Babizhayev Mark A, Nikolayev Gennady N, Goryachev Sergey N, Bours Johan
Moscow Helmholtz Research Institute of Eye Diseases, 14/19 Sadovaya Chernogryazskaya, Moscow, Russian Federation.
Biochim Biophys Acta. 2002 Jul 29;1598(1-2):46-54. doi: 10.1016/s0167-4838(02)00314-x.
The water-binding properties of bovine lens alpha-crystallin, collagen from calf skin and bovine serum albumin (BSA), were investigated with various techniques. The water absorptive capacity was obtained in high vacuum desorption experiments volumetrically, and also gravimetrically in controlled atmosphere experiments. NMR spin-echo technique was used to study the hydration of protein samples and to determine the spin-spin relaxation times (T2) from the protons of water, absorbed on the proteins. Isolated bovine lenses were sectioned into 11-12 morphological layers (from anterior cortex through nucleus to posterior cortex). Crystallin profiles were obtained for each lens layer using thin-layer isoelectric focusing in polyacrylamide gel (IEF). The water content in relation to dry weight of proteins was measured in individual morphological lens layers. During the water vapor uptake P/P(0)=0.75, alpha-crystallin did not absorb water, suggesting that hydrophobic regions of the protein are exposed to the aqueous solvent. At P/P(0)=1.0, the absorption of water by alpha-crystallin was 17% with a single component decay character of spin-echo (T2=3 ms). Addition of water to alpha-crystallin to about 50% of its w/w in the protein sample showed T2=8 ms with only one single component decay of the spin-echo signal. The single component decay character of the spin-echo indicates at the tightly bound water by alpha-crystallin. Under a relative humidity P/P(0)=1.0, collagen and BSA absorbed correspondingly 19.3% and 28% of water and showed a two-component decay curve with T2 of about 5 and 40 ms. The findings demonstrate the presence of two water fractions in collagen and BSA which are separated in space. The IEF data suggest a tight binding of water with alpha-crystallin with similar distribution patterns in the lens layers. The IEF data demonstrate a possible chaperone-like function for alpha-crystallin in the nucleus and inner cortex of the lens, but not in the outer cortex. To conclude, it was found that alpha-crystallin can immobilize and bind water to a greater extent than other proteins such as collagen and BSA. These results shed new light on structural properties of alpha-crystallin and have important implications for understanding the mechanism of the chaperone-like action of this protein in the lens and non-ocular tissues.

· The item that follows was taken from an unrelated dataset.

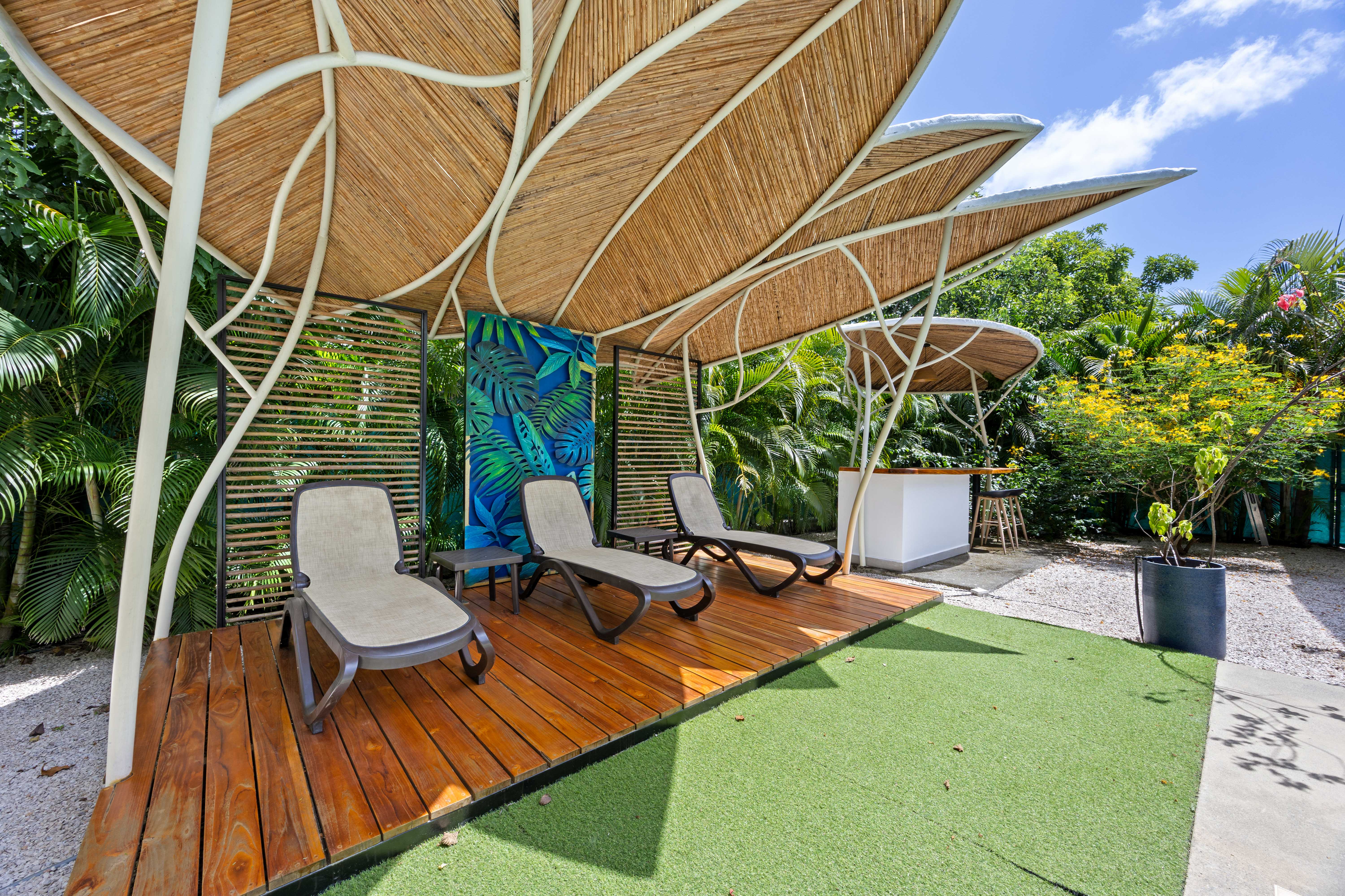 Step outside to your tropical oasis: an expansive terrace with a sparkling private pool framed by swaying palms, loungers, and a shaded rancho with al fresco dining and a barbecue setup—perfect for afternoons of relaxation or lively evenings under the stars.

利用多种技术研究了牛晶状体α-晶体蛋白、小牛皮胶原蛋白和牛血清白蛋白(BSA)的水结合特性。在高真空解吸实验中通过体积法获得吸水能力,在可控气氛实验中通过重量法获得吸水能力。利用核磁共振自旋回波技术研究蛋白质样品的水合作用,并测定吸附在蛋白质上的水分子质子的自旋-自旋弛豫时间(T2)。将分离出的牛晶状体切成11 - 12个形态学层面(从前皮质穿过核到后皮质)。使用聚丙烯酰胺凝胶薄层等电聚焦(IEF)获得每个晶状体层面的晶体蛋白分布图。测定了各个晶状体形态学层面中蛋白质干重对应的含水量。在水蒸气吸收过程中,当P/P(0)=0.75时,α-晶体蛋白不吸水,这表明该蛋白质的疏水区域暴露于水性溶剂中。当P/P(0)=1.0时,α-晶体蛋白的吸水量为17%,自旋回波具有单组分衰减特征(T2 = 3毫秒)。向α-晶体蛋白中加入水,使其在蛋白质样品中的重量比达到约50%时,自旋回波信号仅呈现单组分衰减,T2 = 8毫秒。自旋回波的单组分衰减特征表明α-晶体蛋白对水的紧密结合。在相对湿度P/P(0)=1.0下,胶原蛋白和BSA的吸水量分别为19.3%和28%,并呈现出双组分衰减曲线,T2约为5毫秒和40毫秒。这些发现表明胶原蛋白和BSA中存在两种在空间上分离的水分级分。IEF数据表明水与α-晶体蛋白紧密结合,在晶状体各层面具有相似的分布模式。IEF数据表明α-晶体蛋白在晶状体的核和内皮质中可能具有类似伴侣蛋白的功能,但在外皮质中则不然。总之,发现α-晶体蛋白比其他蛋白质如胶原蛋白和BSA能在更大程度上固定和结合水。这些结果为α-晶体蛋白的结构特性提供了新的线索,对于理解该蛋白在晶状体和非眼组织中类似伴侣蛋白作用的机制具有重要意义。